Monday, September 28, 2009

Dry Lay

He's unloading huge, rounded river stones from the back of his truck. I ask what he's making. The mason, currently of Fort Bragg, California, lately of San Diego and before that a lifetime pitched in Park City, Utah, where he lay rock, mounded fireplaces and bricked walks for the rich and famous, is building a retaining wall for a bright, white cottage in Mendocino.

He puts his fingers to his lips; there's a writer inside the house, he explains to me, so we have to keep it low.

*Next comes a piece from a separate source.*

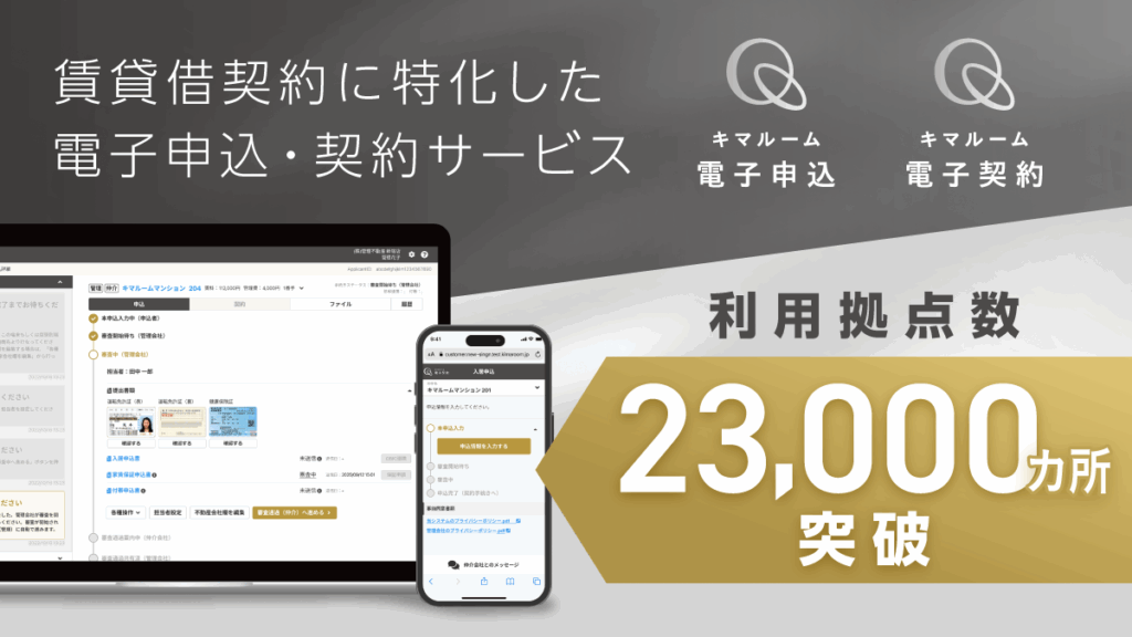 【お知らせ】「キマルーム 電子申込」「キマルーム 電子契約」利用拠点数23,00...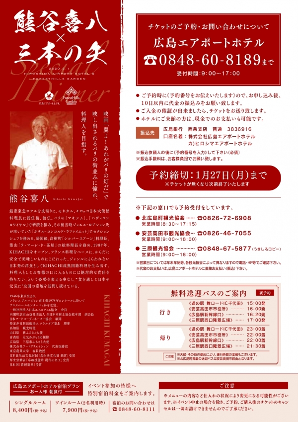 熊谷喜八×三本の矢 スペシャルディナー【予約締切:1月27日】

"Do you like this kind of work?" I whisper. "It looks . . . heavy."

"Like doesn't come into it. I tell you what, if you want to raise two daughters, you have to work hard, and that's it."

His passion, really, he confides in that low voice, is carving basins and sinks out of pure red stone. He reaches into the front seat of his pick-up and pulls out a binder full of pictures to show me. The smooth, heavy bowls gleam like coral under their cheap overlay of photo plastic. Meanwhile, the Pacific roars and carves all around us.

Except he doesn't have time for such vessels right now, he tells me; right now most of the time he does whatever he can, in this economy.

"It's beautiful work, though."

"Want to see where I'm building the wall?"

We creep to the back of the house, me glancing up at the lace-curtained windows, curious.

Alice Walker?

Then I see the wall.

"What's holding the stones together?"

The river rock, holding back a bed of fresh garden soil, seems to me to be floating, disconnected.

"It's called a dry lay," he says patiently; that's a process in which very little mortar is used, and then most of what little is used gets scraped away--to make it look, from a distance, as if nothing is holding the stones together at all.

"You're almost done?" I ask, feeling the gapped surface.

"No. She's got some other things she wants me to do around here. Fixing other people's shoddy work." He points to the cracked flag of a back stoop.

"You're working pretty constantly?"

"Seven days a week. Need to get this done 'cause I have other jobs waiting."

"And how are your daughters?"

"Just graduated and out of the house."

"You must be proud. Of yourself, I mean."

He shrugs, as if to say, you only do what's expected, and asks me what I'm doing, wandering around the village, so early.

--MD

Photo credit: Bruce Barone

Wednesday, September 23, 2009

Why

"My task, which I am trying to achieve is, by the power of the written word to make you hear, to make you feel--it is, before all, to make you see. That--and no more, and it is everything."

--Joseph Conrad

Tuesday, September 22, 2009

To Make Time





I have a friend--I'll call her Jennie--who was diagnosed eight months ago with breast cancer. I learned this very recently. Jennie and I are friends whose worlds overlap only along a very particular seam: we meet and see each other thanks to our dogs, who compete in canine agility.

In the sport of agility, dog and handler are required to navigate a complicated obstacle course with the goal of finishing cleanly; the object isn't so much to come in first or second or third, as it is to get through without crashing into a jump or hurtling into the wrong tunnel. When I didn't see Jennie and her beautiful Belgian Shepherds during the spring and summer this year, I didn't think too much of it. One of her dogs was older, I knew, and needed more care than usual, and my travel had taken me far away from our regular stomping grounds.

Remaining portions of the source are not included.